AutoGPT differs from ChatGPT by not simply providing answers. Instead, it leverages GPT-4's capabilities in programming, web searching, and long-term memory to achieve goals. It essentially asks itself questions, executes tasks, conducts research, and optimizes its approach through continuous self-improvement.
7. Education: AI's language proficiency makes it a natural fit for virtual language tutoring. Duolingo, for instance, has integrated GPT-4 into its platform, offering Duolingo Max.
8. E-commerce: Shopify utilizes ChatGPT to assist merchants in writing detailed product descriptions.
9. Programming: Github Copilot, powered by AI, has become an indispensable tool for programmers.
These are just a few examples of generative AI's wide-ranging applications. As the technology matures, we can expect to see even more innovative and impactful use cases.
Addressing the Risks of Artificial General Intelligence (AGI)
While the current capabilities of large language models are impressive, they are not without risks. The emergence of AGI, artificial general intelligence with human-level cognitive abilities and potentially even consciousness, is a concern for many.
Some argue that large language models are simply sophisticated word-prediction machines, lacking true understanding or consciousness.
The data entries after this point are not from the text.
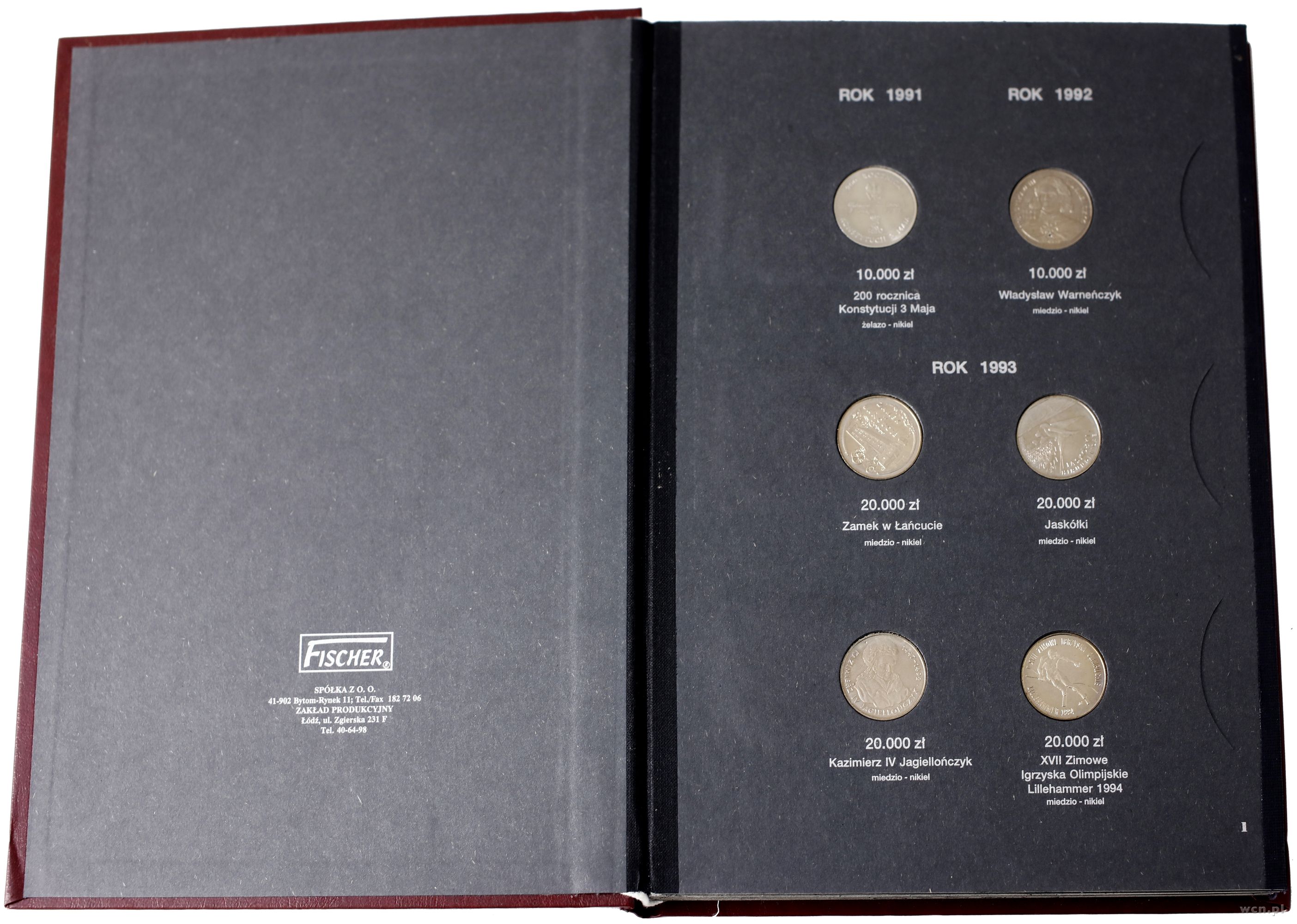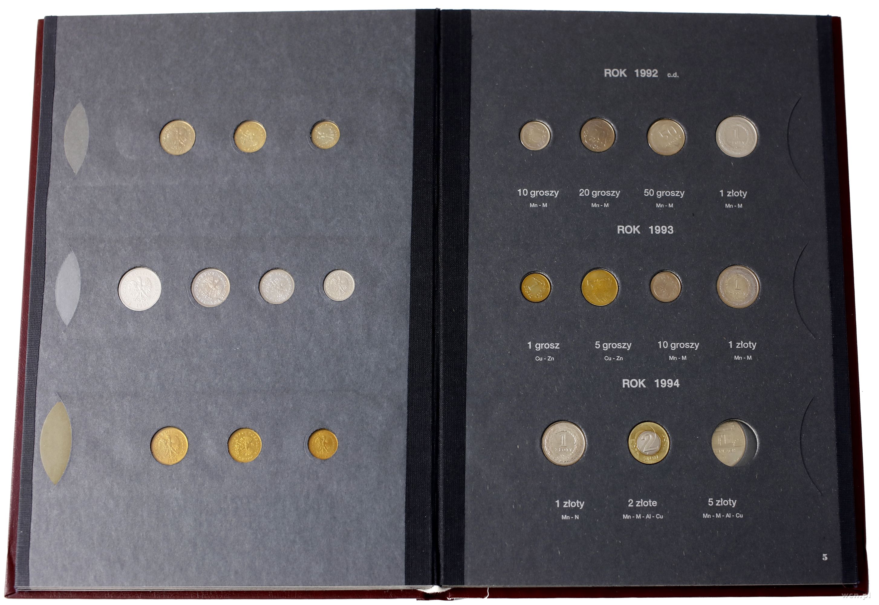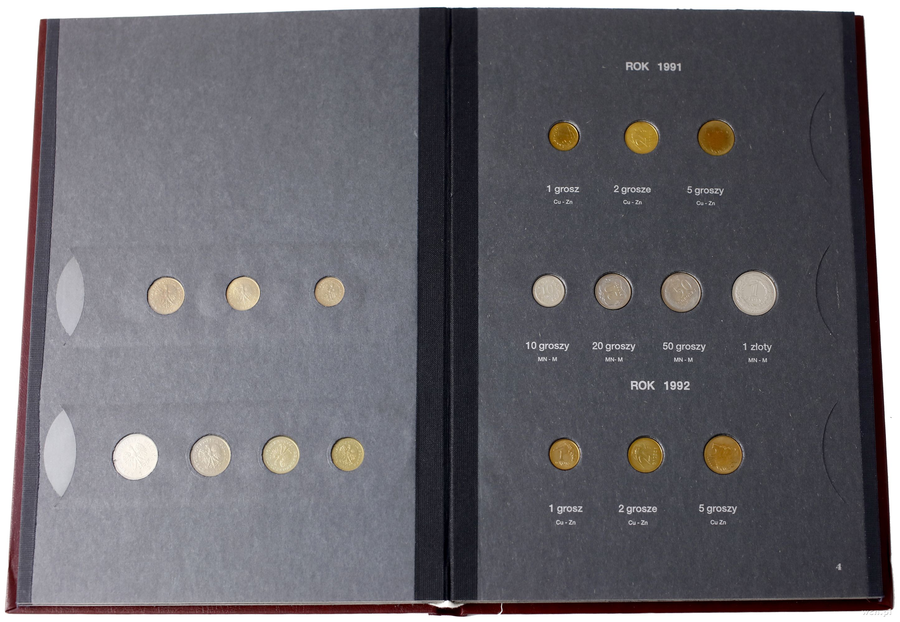 klaser z monetami polskimi z lat 1990–1995 Warszawa
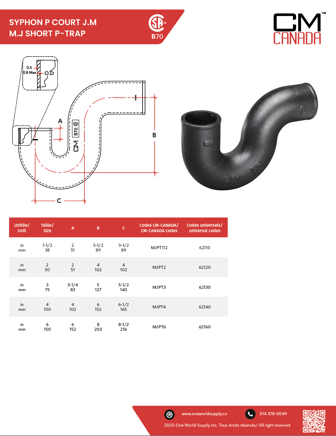 Le Syphon P court en fonte noire CM-CANADA™ est un composant de drainage de haute qualité, conçu pour assurer une performance optimale dans vos installations de tuyauterie. Capable de supporter une pression maximale de service de 150 psi, il offre une résistance au feu et contribue à la diminution du bruit. Grâce à son revêtement protecteur, il résiste efficacement à la corrosion, garantissant ainsi une solidité remarquable, un faible taux de dilatation thermique et une longévité exceptionnelle. Fabriqué à partir de 100 % de contenu recyclé, le SYPHON P COURT allie performance, durabilité et respect de l’environnement
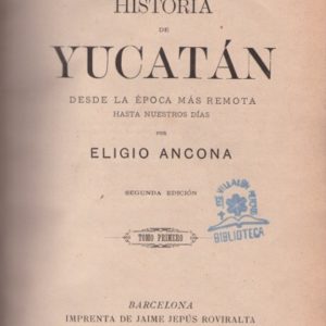 HISTORIA DE YUCATAN. DESDE LA EPOCA MAS REMOTA HASTA NUESTROS DIAS. TOMO PRIMERO
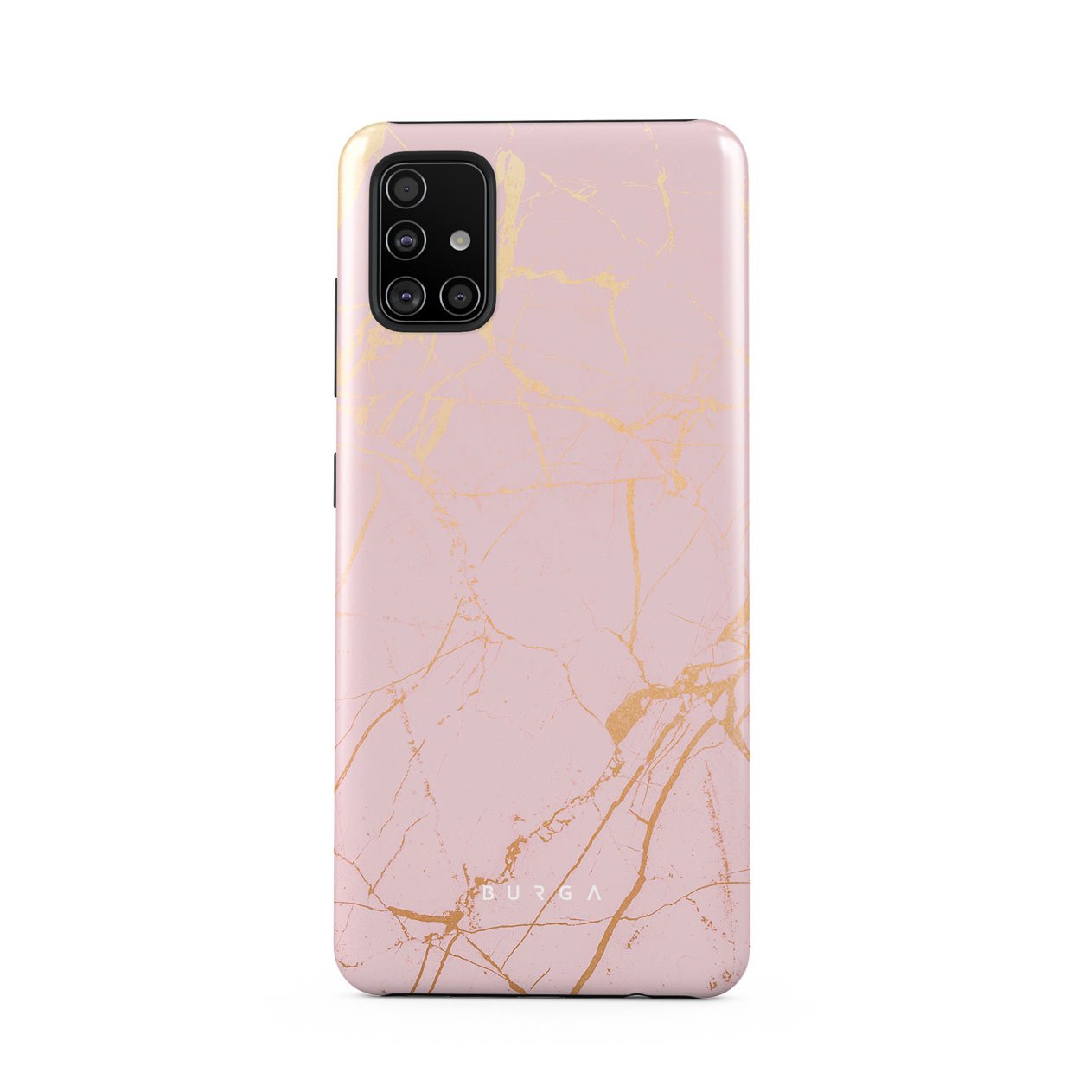 Growing under the beautiful sky and warmed by the rays of the sunshine, when ripped, peach offers you sweetness and softness. This is why our Peachy Gold Samsung Galaxy A71 phone case design adds a bit of golden color to the pink marble dream making a protective phone case both pretty and durable.

Others, however, point to the rapid progress and the increasingly complex tasks these models can perform, suggesting that AGI might be closer than we think.
Microsoft, in its 155-page paper titled "Sparks of Artificial General Intelligence: Early experiments with GPT-4," argues that GPT-4 exhibits early signs of AGI. This has sparked debate within the AI community, with some experts refuting the claim.
Concerns about AGI's potential risks, including the possibility of AI turning against humanity, have led over 26,000 individuals, including Elon Musk, to sign an open letter calling for a six-month pause on training AI systems more powerful than GPT-4.
While the open letter highlights valid concerns, it's unlikely to halt the ongoing AI race. The potential benefits and commercial incentives driving AI development are too significant to ignore.
The fear of AI replacing human jobs is another valid concern. However, history suggests that technological advancements often create new opportunities alongside job displacement. It's crucial to adapt and acquire new skills to remain relevant in an evolving job market.
Conclusion: Embracing the Future of AI
The current wave of generative AI is both exciting and potentially disruptive. While the risks are real and need to be addressed, the potential benefits are too significant to ignore.
Open discussions, ethical guidelines, and ongoing research are crucial to ensure that AI development benefits humanity. The future of AI is in our hands, and it's up to us to shape it responsibly.